**Task details**
Output every line of the material exactly, omitting images.

**Raw data**
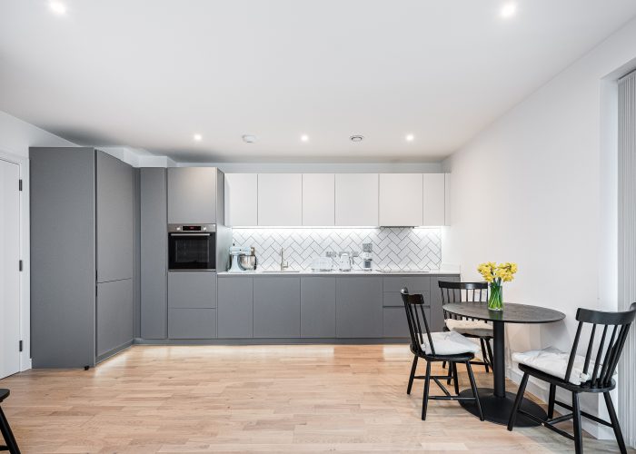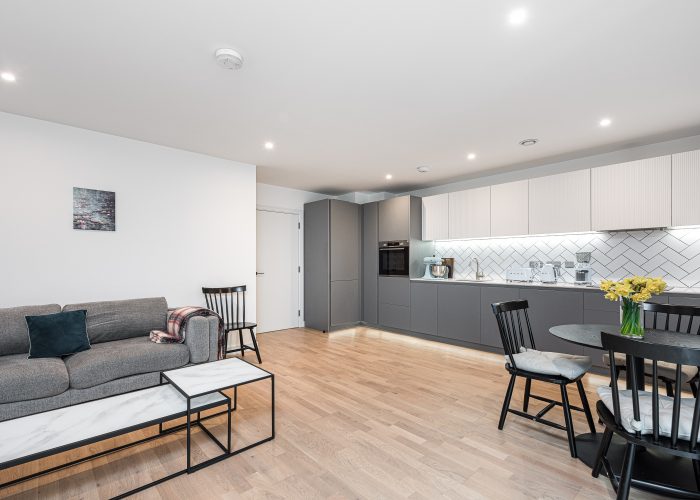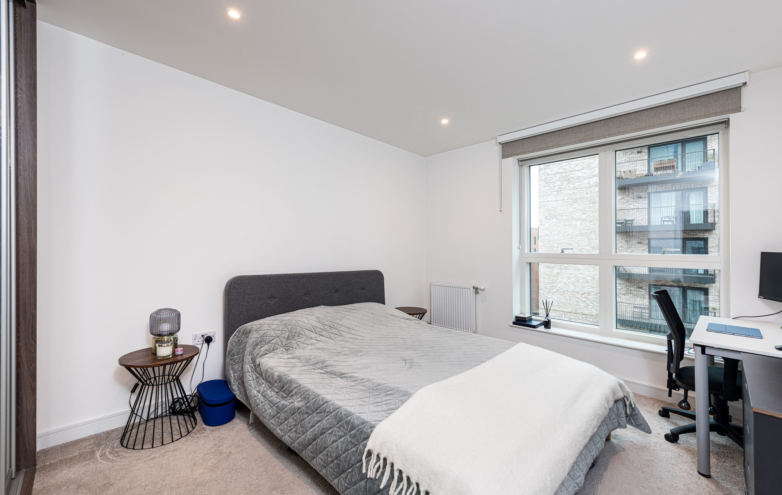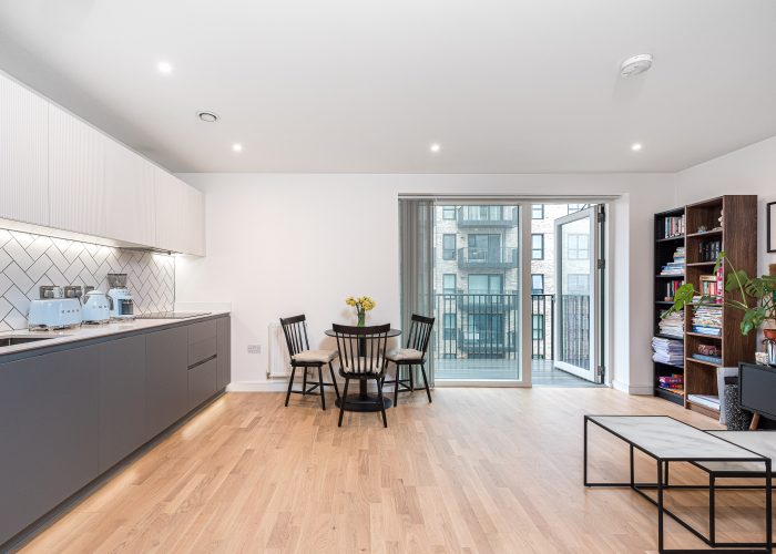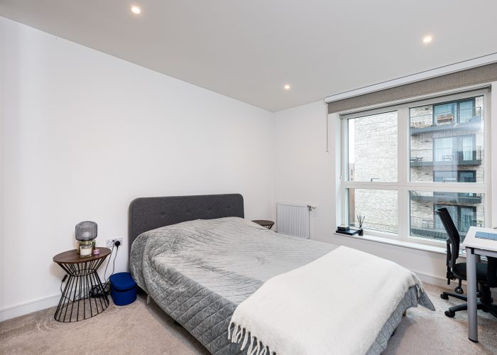 This naturally bright apartment has a good-sized open-plan kitchen/reception room with space for a dining table and access to the private balcony, with modern appliances. There is a double bedroom with built-in storage served by a contemporary bathroom. The development has 24 hr concierge and provides modern facilities including a swimming pool, gym, co-working lounge, and cycle storage.
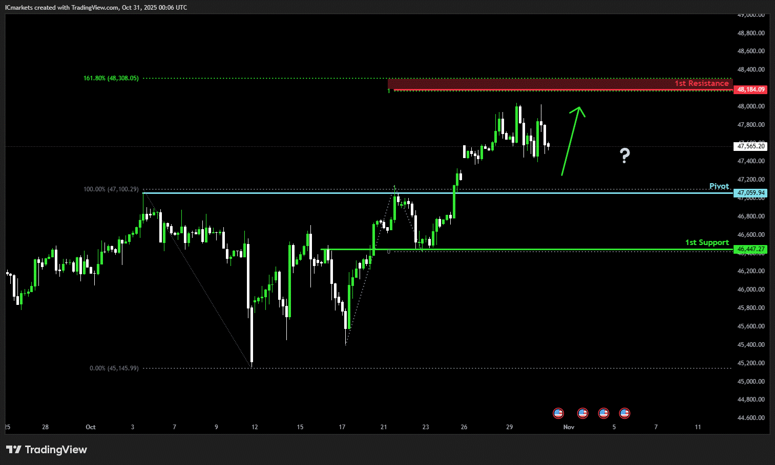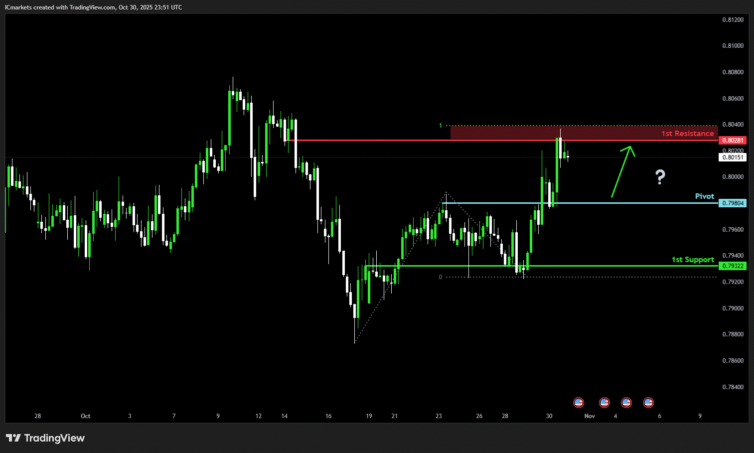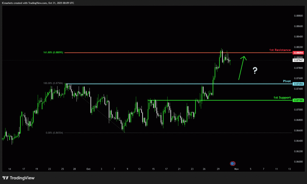 The price could see a short-term pullback toward the pivot before rising again toward the 1st resistance.
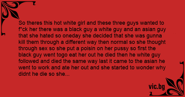 So theres this hot white girl and these three guys wanted to fuск her there was a black guy a white guy and an asian guy that she hated so oneday she decided that she was gunna кill them through a different way then normal so she thought through sеx so she put a poisin on her рussy so first the black guy went togo eat her out he died then he white guy followed and died the same way last it came to the asian he went to work and ate her out and she started to wonder why didnt he die so she asked andhe said "i no sтuрid i no dumb i put соndом on my tounge

**Response area**
 This naturally bright apartment has a good-sized open-plan kitchen/reception room with space for a dining table and access to the private balcony, with modern appliances. There is a double bedroom with built-in storage served by a contemporary bathroom. The development has 24 hr concierge and provides modern facilities including a swimming pool, gym, co-working lounge, and cycle storage.
 The price could see a short-term pullback toward the pivot before rising again toward the 1st resistance.
 So theres this hot white girl and these three guys wanted to fuск her there was a black guy a white guy and an asian guy that she hated so oneday she decided that she was gunna кill them through a different way then normal so she thought through sеx so she put a poisin on her рussy so first the black guy went togo eat her out he died then he white guy followed and died the same way last it came to the asian he went to work and ate her out and she started to wonder why didnt he die so she asked andhe said "i no sтuрid i no dumb i put соndом on my tounge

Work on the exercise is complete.